(ENTRIES SUPPLIED):
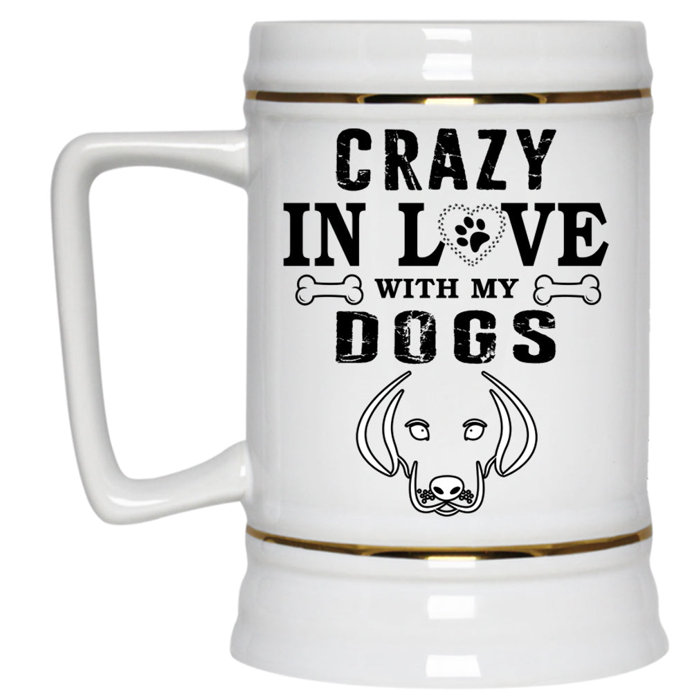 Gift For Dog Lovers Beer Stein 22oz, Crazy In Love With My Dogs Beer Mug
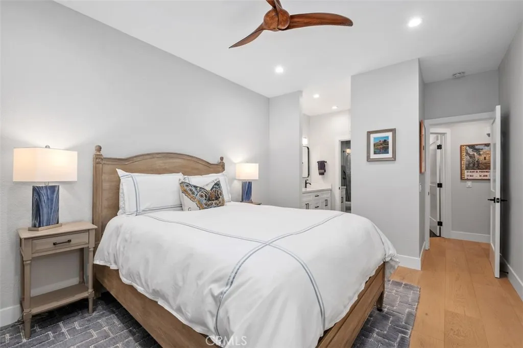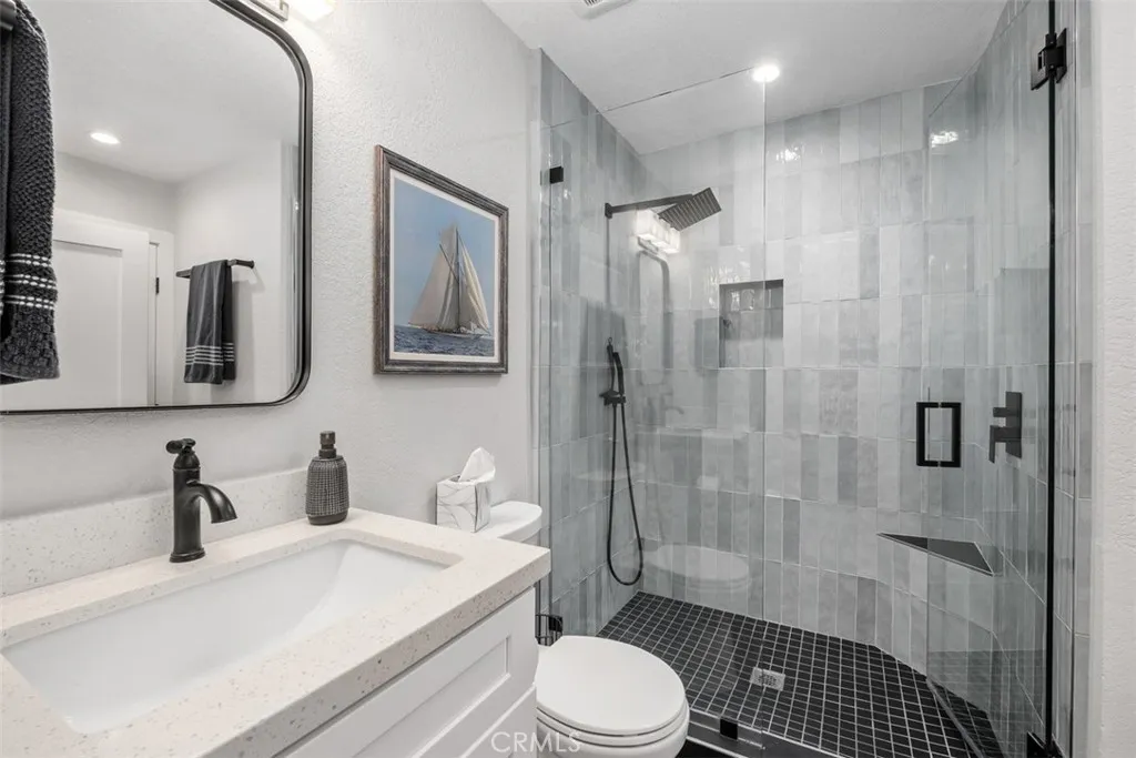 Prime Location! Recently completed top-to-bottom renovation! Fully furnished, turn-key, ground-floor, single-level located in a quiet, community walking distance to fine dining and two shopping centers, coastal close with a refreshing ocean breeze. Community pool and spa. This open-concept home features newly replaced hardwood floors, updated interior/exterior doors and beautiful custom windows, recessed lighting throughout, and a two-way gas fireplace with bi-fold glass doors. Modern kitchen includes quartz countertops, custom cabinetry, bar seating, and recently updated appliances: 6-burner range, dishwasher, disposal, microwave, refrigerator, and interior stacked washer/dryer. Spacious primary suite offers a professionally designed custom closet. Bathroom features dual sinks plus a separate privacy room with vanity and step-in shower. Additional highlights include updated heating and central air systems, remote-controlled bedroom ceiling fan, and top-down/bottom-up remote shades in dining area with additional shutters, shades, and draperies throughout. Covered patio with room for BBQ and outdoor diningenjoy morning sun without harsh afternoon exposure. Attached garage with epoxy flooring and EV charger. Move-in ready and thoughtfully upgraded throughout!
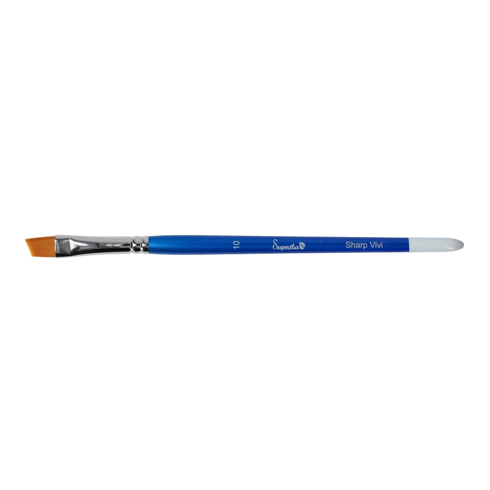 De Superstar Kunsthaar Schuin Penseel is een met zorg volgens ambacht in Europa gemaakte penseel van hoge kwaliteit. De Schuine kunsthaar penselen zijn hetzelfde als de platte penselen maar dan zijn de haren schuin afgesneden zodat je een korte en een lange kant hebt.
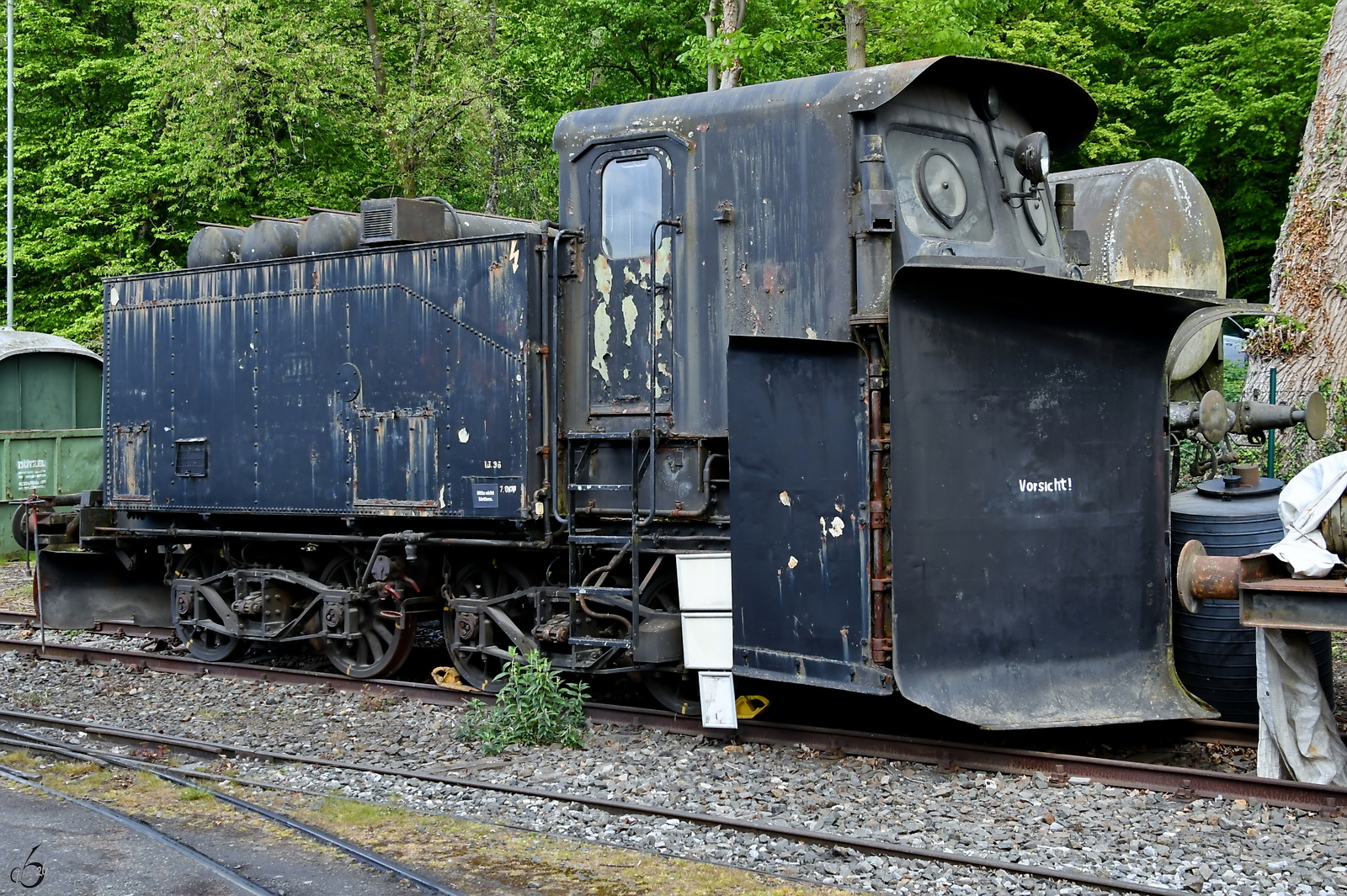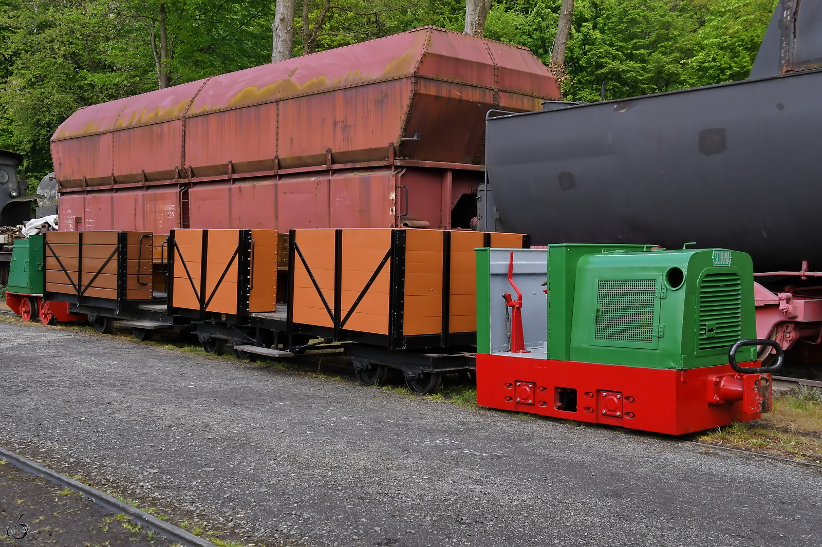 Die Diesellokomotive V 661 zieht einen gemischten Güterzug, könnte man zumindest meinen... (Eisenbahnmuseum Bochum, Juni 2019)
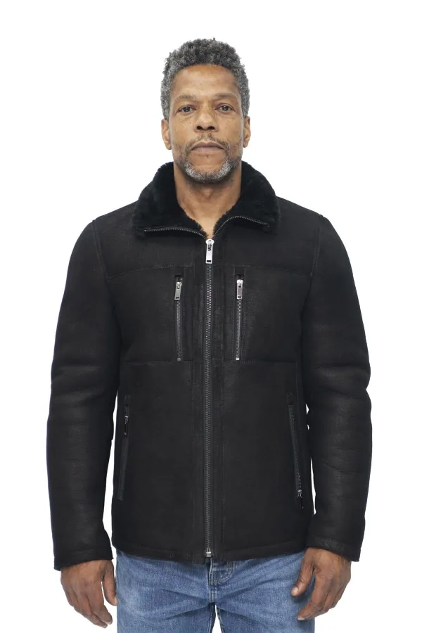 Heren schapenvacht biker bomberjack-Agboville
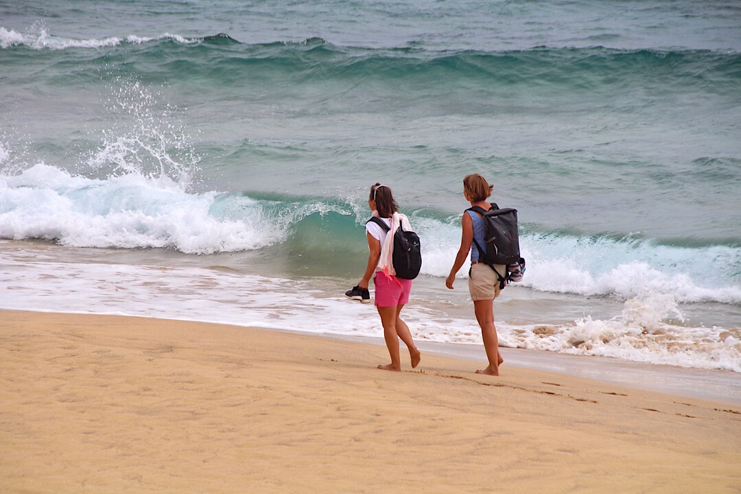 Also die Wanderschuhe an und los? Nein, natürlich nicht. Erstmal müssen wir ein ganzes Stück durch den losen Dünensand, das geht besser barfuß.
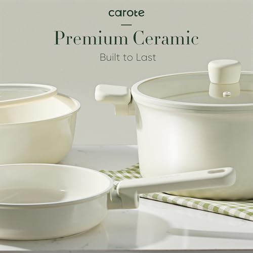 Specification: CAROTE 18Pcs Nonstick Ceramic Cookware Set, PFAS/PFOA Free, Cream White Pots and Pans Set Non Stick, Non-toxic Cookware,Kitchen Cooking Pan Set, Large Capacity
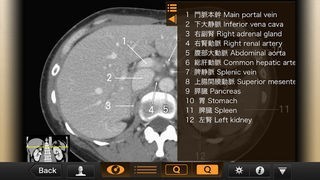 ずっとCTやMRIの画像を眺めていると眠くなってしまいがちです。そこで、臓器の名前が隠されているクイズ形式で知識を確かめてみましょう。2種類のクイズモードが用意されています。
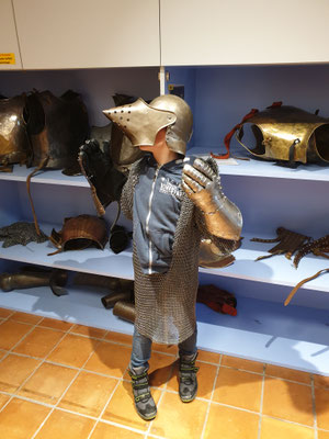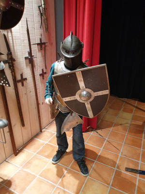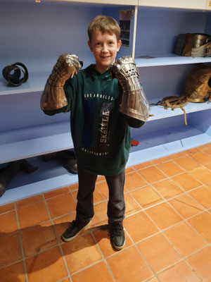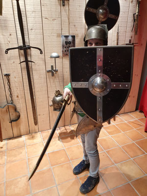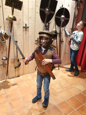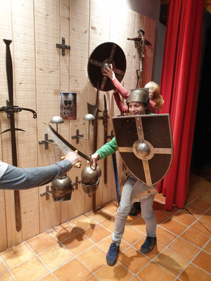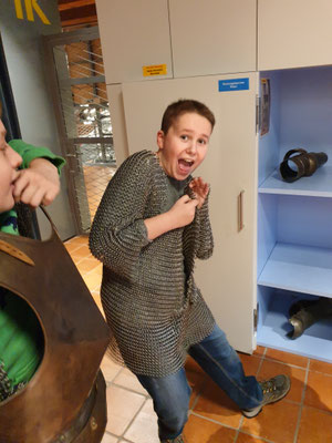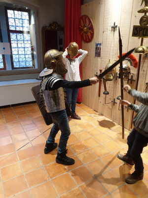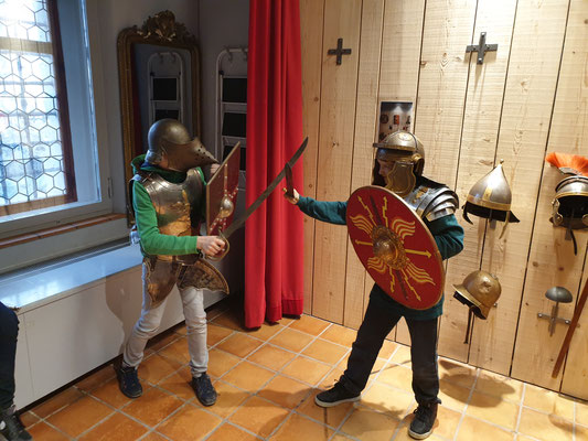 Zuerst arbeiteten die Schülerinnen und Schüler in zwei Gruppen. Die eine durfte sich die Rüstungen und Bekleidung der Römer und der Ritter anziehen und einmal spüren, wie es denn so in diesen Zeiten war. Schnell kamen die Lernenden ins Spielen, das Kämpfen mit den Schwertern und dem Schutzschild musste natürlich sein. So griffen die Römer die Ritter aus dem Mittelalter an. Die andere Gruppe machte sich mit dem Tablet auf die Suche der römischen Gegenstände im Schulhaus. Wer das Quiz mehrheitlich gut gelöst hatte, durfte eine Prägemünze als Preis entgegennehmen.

(TASK OBJECTIVE): When you reach the line containing "De Superstar Kunsthaar" in the records above, write out that line and every line after it through the end, exactly, but omit the pictures.

(ANSWER TO THIS EXERCISE):
 De Superstar Kunsthaar Schuin Penseel is een met zorg volgens ambacht in Europa gemaakte penseel van hoge kwaliteit. De Schuine kunsthaar penselen zijn hetzelfde als de platte penselen maar dan zijn de haren schuin afgesneden zodat je een korte en een lange kant hebt.
 Die Diesellokomotive V 661 zieht einen gemischten Güterzug, könnte man zumindest meinen... (Eisenbahnmuseum Bochum, Juni 2019)
 Heren schapenvacht biker bomberjack-Agboville
 Also die Wanderschuhe an und los? Nein, natürlich nicht. Erstmal müssen wir ein ganzes Stück durch den losen Dünensand, das geht besser barfuß.
 Specification: CAROTE 18Pcs Nonstick Ceramic Cookware Set, PFAS/PFOA Free, Cream White Pots and Pans Set Non Stick, Non-toxic Cookware,Kitchen Cooking Pan Set, Large Capacity
 ずっとCTやMRIの画像を眺めていると眠くなってしまいがちです。そこで、臓器の名前が隠されているクイズ形式で知識を確かめてみましょう。2種類のクイズモードが用意されています。
 Zuerst arbeiteten die Schülerinnen und Schüler in zwei Gruppen. Die eine durfte sich die Rüstungen und Bekleidung der Römer und der Ritter anziehen und einmal spüren, wie es denn so in diesen Zeiten war. Schnell kamen die Lernenden ins Spielen, das Kämpfen mit den Schwertern und dem Schutzschild musste natürlich sein. So griffen die Römer die Ritter aus dem Mittelalter an. Die andere Gruppe machte sich mit dem Tablet auf die Suche der römischen Gegenstände im Schulhaus. Wer das Quiz mehrheitlich gut gelöst hatte, durfte eine Prägemünze als Preis entgegennehmen.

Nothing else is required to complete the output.